If MANTIS_TENANT_KEYS_PATH is configured on the deployment, each tenant has its own token. Otherwise a single MANTIS_API_TOKEN works for all callers (single-tenant mode).
Rate / scale caps¶
Per-request server-side caps that the caller cannot exceed:
| Env var | Default | Effect |
|---|---|---|
MANTIS_MAX_STEPS_PER_PLAN |
200 | Plans larger than this are rejected with 400. |
MANTIS_MAX_LOOP_ITERATIONS |
50 | loop_count in any loop step is silently clamped to this. |
MANTIS_MAX_RUNTIME_MINUTES |
60 | max_time_minutes in the request body is clamped. |
MANTIS_MAX_COST_USD |
25.0 | max_cost in the request body is clamped. |
Plus per-tenant caps when multi-tenant is enabled (max_concurrent_runs, max_cost_per_run, max_time_minutes_per_run).
POST /v1/predict¶
Run a plan, poll an existing run, fetch the result, or fetch live logs. The mode is determined by the action field (or its absence).
Run a new plan¶
The request body must contain exactly one of these plan-shape fields, in priority order:
| Field | Type | Description |
|---|---|---|
task_suite |
object | Inline task-suite dict. Use this for arbitrary plans where you don't want to bake them into the container image. |
task_file_contents |
string | JSON-as-string.

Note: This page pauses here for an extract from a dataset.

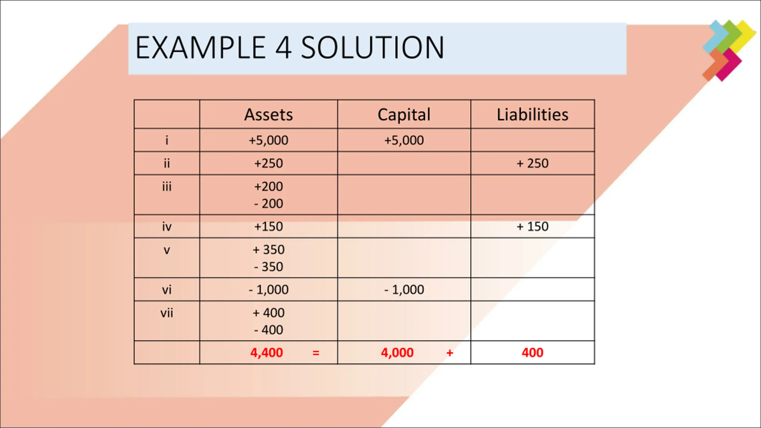 EXAMPLE 4 SOLUTION Assets Capital Liabilities i +5,000 +5,000 ii +250 + 250 iii +200 - 200 iv +150 + 150 v + 350 - 350 vi - 1,000 - 1,000 vii + 400 - 400 4,400 = 4,000 + 400

Same shape as task_suite but pre-serialized. |
task_file |
string | Path inside the container image (e.g. tasks/crm/crm_tasks.json). |
micro |
string | Path to a micro-plan JSON or plain-text plan inside the image (e.g. plans/example/extract_listings.json). |
plan_text |
string | Inline plain-English plan. Decomposed via Claude on the server side. |
Plus the run options:
| Field | Default | Description |
|---|---|---|
detached |
true |
Return a run_id immediately and continue work in the background. Set false to block until done (only useful for short plans — 5–10s). |
state_key |
"" |
Caller-chosen identifier; the server prefixes it with tenant_id so callers can't collide. Reuse the same key across runs to share checkpoint state and Chrome profile (cookies, sessions). |
resume_state |
false |
Reconstruct browser state from the latest checkpoint at state_key before starting. |
max_cost |
25.0 |
Cap in USD; clamped against the tenant cap. |
max_time_minutes |
60 |
Wall-clock cap; clamped against the tenant cap. |
proxy_city, proxy_state |
unset | Optional IPRoyal geo overrides. Subject to allowlist. |
record_video |
false |
If true, captures the Xvfb display while the run executes and saves a screencast under the per-tenant run dir. Fetch via GET /v1/runs/{run_id}/video. |
video_format |
"mp4" |
One of mp4, webm, gif. |
video_fps |
5 |
Capture rate; clamped to [1, 30]. Higher fps = larger file + more CPU. |
Detached response¶
{
"status": "queued",
"created_at": "2026-04-28T01:57:08.316Z",
"model": "holo3",
"mode": "detached",
"run_id": "20260428_021432_076255ef",
"payload": { ... echoed input ... },
"updated_at": "2026-04-28T01:57:08.317Z",
"status_path": "/workspace/mantis-data/runs/<run_id>/status.json",
"result_path": "/workspace/mantis-data/runs/<run_id>/result.json",
"csv_path": "/workspace/mantis-data/runs/<run_id>/leads.csv",
"events_path": "/workspace/mantis-data/runs/<run_id>/events.log"
}
The *_path fields are server-internal; you fetch them through the polling actions (next section).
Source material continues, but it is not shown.